BMC Cell Biology 2010, 11:79  doi:10.1186/1471-2121-11-79

Published: 19 October 2010

Abstract

Background

Human amniotic fluid stem (hAFS) cells have become an attractive stem cell source for medical therapy due to both their ability to propagate as stem cells and the lack of ethical debate that comes with the use of embryonic stem cells. Although techniques to derive stem cells from amniotic fluid are available, the techniques have limitations for clinical uses, including a requirement of long periods of time for stem cell production, population heterogeneity and xeno-contamination from using animal antibody-coated magnetic beads. Herein we describe a novel isolation method that fits for hAFS derivation for cell-based therapy.

Methods and Results

With our method, single hAFS cells generate colonies in a primary culture of amniotic fluid cells. Individual hAFS colonies are then expanded by subculturing in order to make a clonal hAFS cell line. This method allows derivation of a substantial amount of a pure stem cell population within a short period of time. Indeed, 108 cells from a clonal hAFS line can be derived in two weeks using our method, while previous techniques require two months. The resultant hAFS cells show a 2-5 times greater proliferative ability than with previous techniques and a population doubling time of 0.8 days.
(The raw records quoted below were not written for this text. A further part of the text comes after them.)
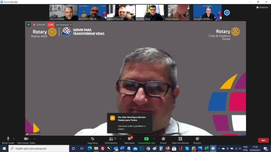 Nesta quinta-feira de 02 setembro de 2021, às 20h00, via plataforma Zoom e Facebook (@RotaryClubDeSantosPorto), realizamos a 5ª Reunião Transformadora do Ano Rotário 2021-2022.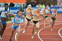 ![]() Martina Amidei (with the Italian jersey) receives the baton from Gloria Hopper at the 2016 European Athletics Championships | |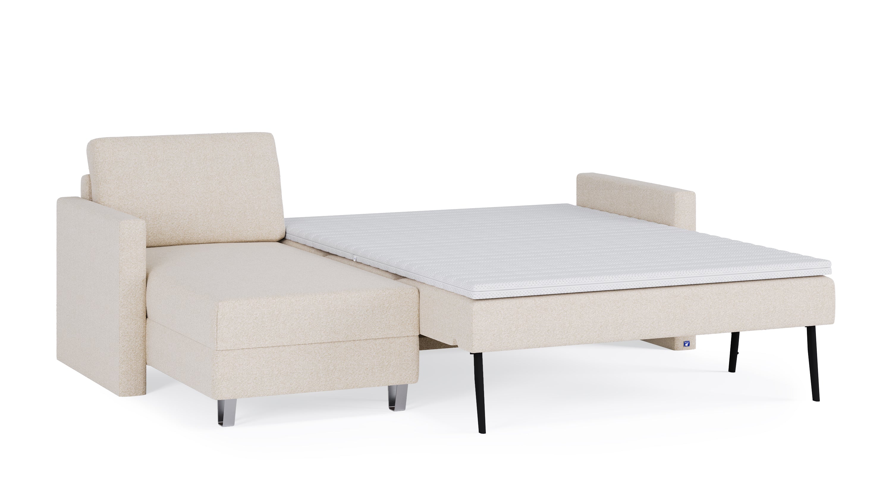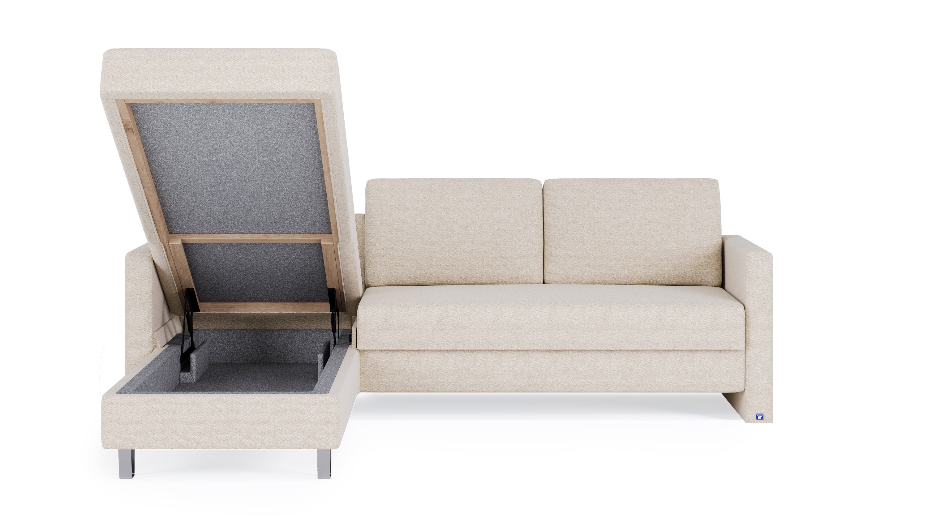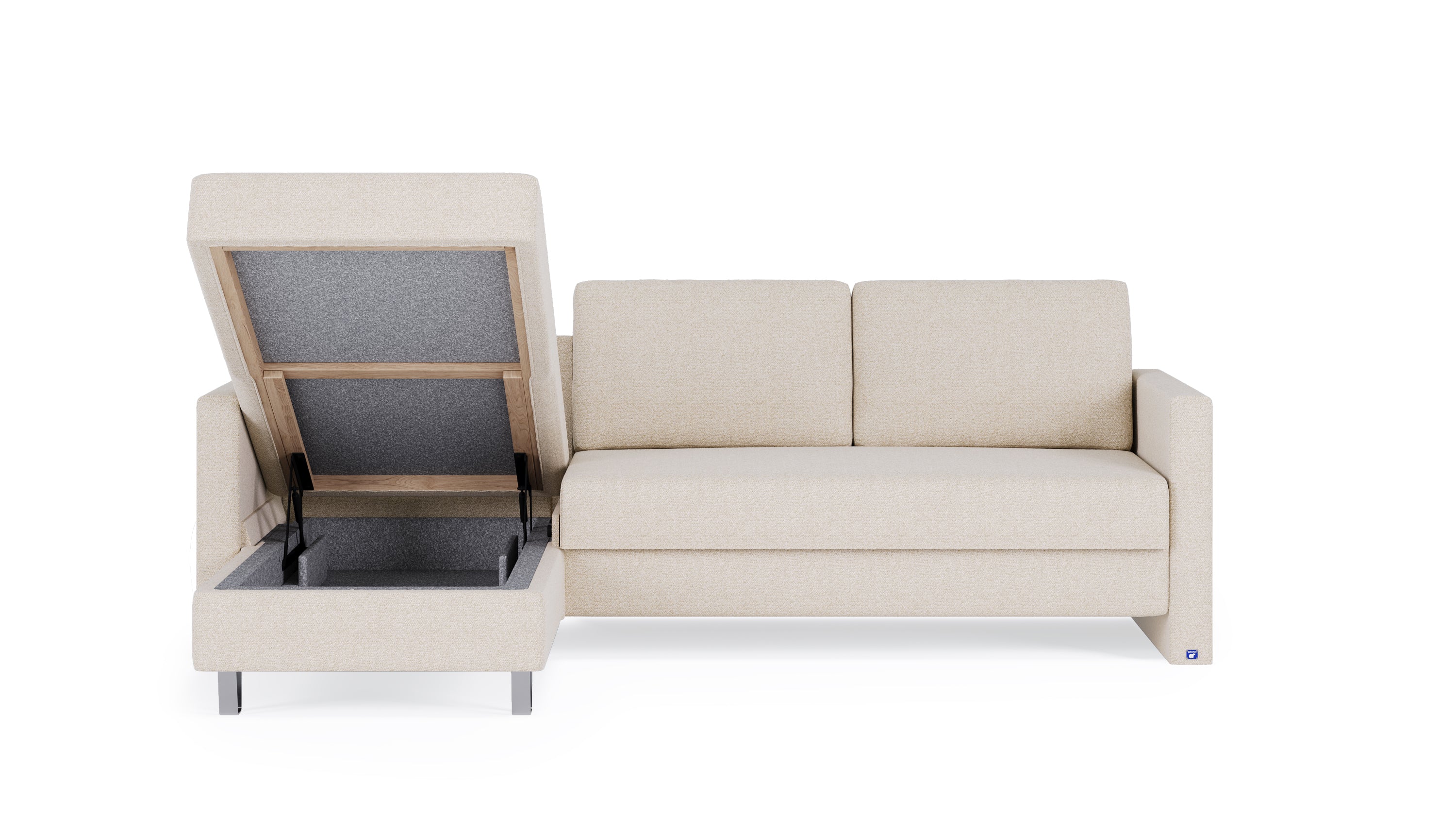 Für alle, die eine gemütliche und praktische Ergänzung zum Schlafsofa oder -sessel suchen, ist der Bruno Hocker die richtige Wahl: Er dient als gemütliche Ablage für Füße, Bücher oder ein Tablett, bietet extra Stauraum und lässt sich schnell und einfach umstellen.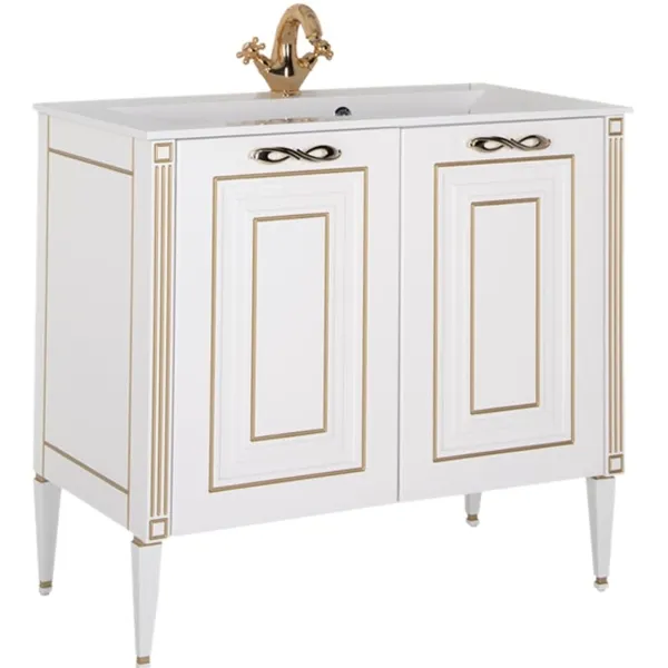 - Высокое качество и стильный дизайн: Тумба с раковиной прямоугольной формы выполнена в классическом стиле с изысканными пилястрами и золотой патиной.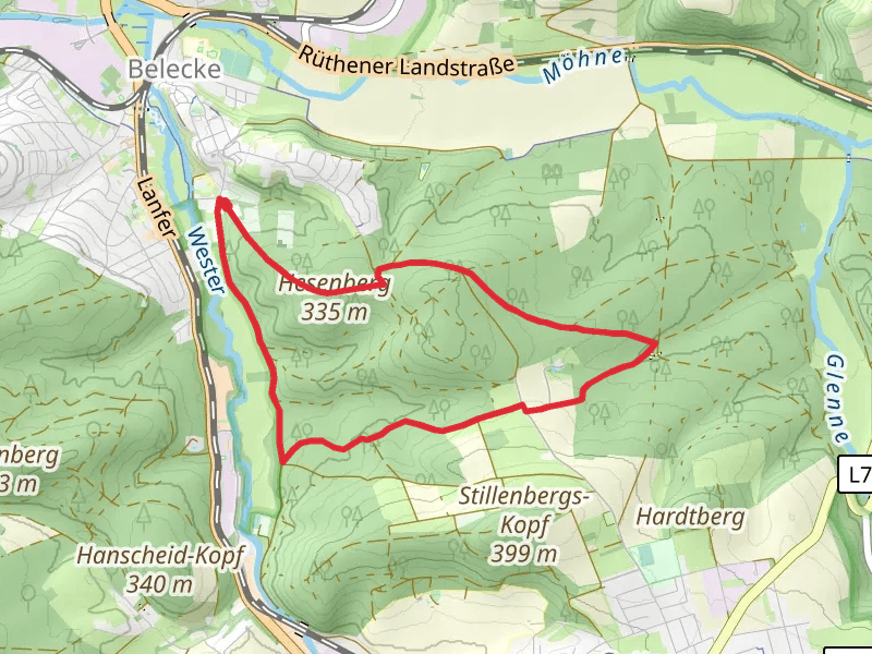 Hirsche Loop via Sauerland Waldroute at 1.9 km. Get off line access to Restaurant, History, Peak, and Shelter locations and much more with a Hiiker subscription.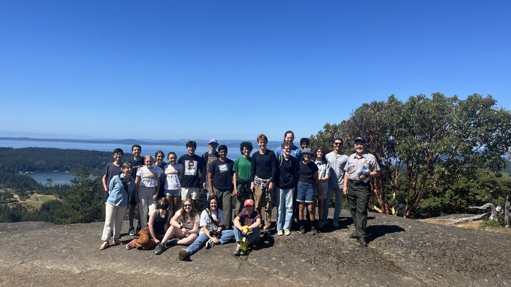 The group headed out on a tour of English Camp with Park Ranger Jeff, who gave us an in-depth look into the geology of the San Juan Islands, and the causes of development of the islands in the first place. We had a lovely hike up to the top of Young Mountain (Hill) with Ranger Jeff leading us to deeper thoughts about the geological creation of the islands. He mentioned to us how glaciers a mile high carved out the San Juan Islands. Thank you to Ranger Jeff Hodge for coming out and spending his time hiking and teaching us.

The hAFS cells exhibit typical hAFS cell characteristics including the ability to differentiate into adipogenic-, osteogenic- and neurogenic lineages, expression of specific stem cell markers including Oct4, SSEA4, CD29, CD44, CD73, CD90, CD105 and CD133, and maintenance of a normal karyotype over long culture periods.

Conclusions

We have created a novel hAFS cell derivation method that can produce a vast amount of high quality stem cells within a short period of time. Our technique makes possibility for providing autogenic fetal stem cells and allogeneic cells for future cell-based therapy.